Closer to Him

Teaching Bible lessons was to my father an art of combining understanding and the right approach, something he learned from car dealerships where he worked. When I say ‘used car salesman,’ the image that pops in your head is not a man behind a pulpit. My father fought that stigma constantly. I watched him stand up for how you could take on the ‘worst’ positions and show how they could be done with integrity and honesty. As a pastor, he took questions and individual interest the same way, with the personal intent to help anyone and everyone find the best fit. I watched first hand, from his sales office dealing with irate customers to the living room of our trailer dealing with disgruntled parishioners: my father cared. Several times I couldn’t understand why these people would be welcomed into our home, sharing in all we had. But to my father, this is what you did: he made people welcome and he showed them he cared. Without that, who would ever want to listen to anything he had to say?

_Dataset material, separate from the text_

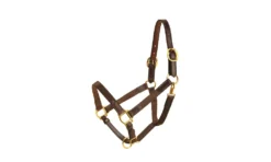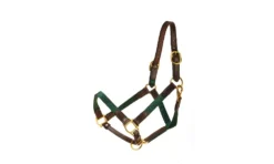 The Tory Leather 1″ Nylon Halter with Leather Tabs provides a perfect combination of bridle leather that gives the halter a good safety factor and a good nylon that provides the color that you want. Together, the leather and nylon make a halter that fits really well and will break if the horse gets caught by the halter. This nylon and leather tab halter has a leather chin strap, double crown buckles and solid brass hardware. Tory Leather makes a wide variety of grooming and stable supplies to meet all of your needs. Tory leather products are made in the USA.

My father studied two things religiously: sales trainings and the Bible. Smith Wigglesworth was one of the leading sales gurus of the time, and a household name for us. Tapes, books, you name it, my father had it. He used the same ideas with the Bible. He had multiple study Bibles, concordances, and sermons from every major name from Charles Spurgeon to John G. Lake. Educating myself on multiple sources and perspectives was not an option, it was a must. No one was going to listen to me if I didn’t know where both sides stood on the matter. I had to understand their argument better than they did and know my facts better than anyone who had ever questioned it. Because of this, my favorite church services were Q&A services, led by my father. My father would pray and study over these questions making sure he had the answers to handle them with wisdom. Watching him use his studies to help others find their answers was inspiring to say the least.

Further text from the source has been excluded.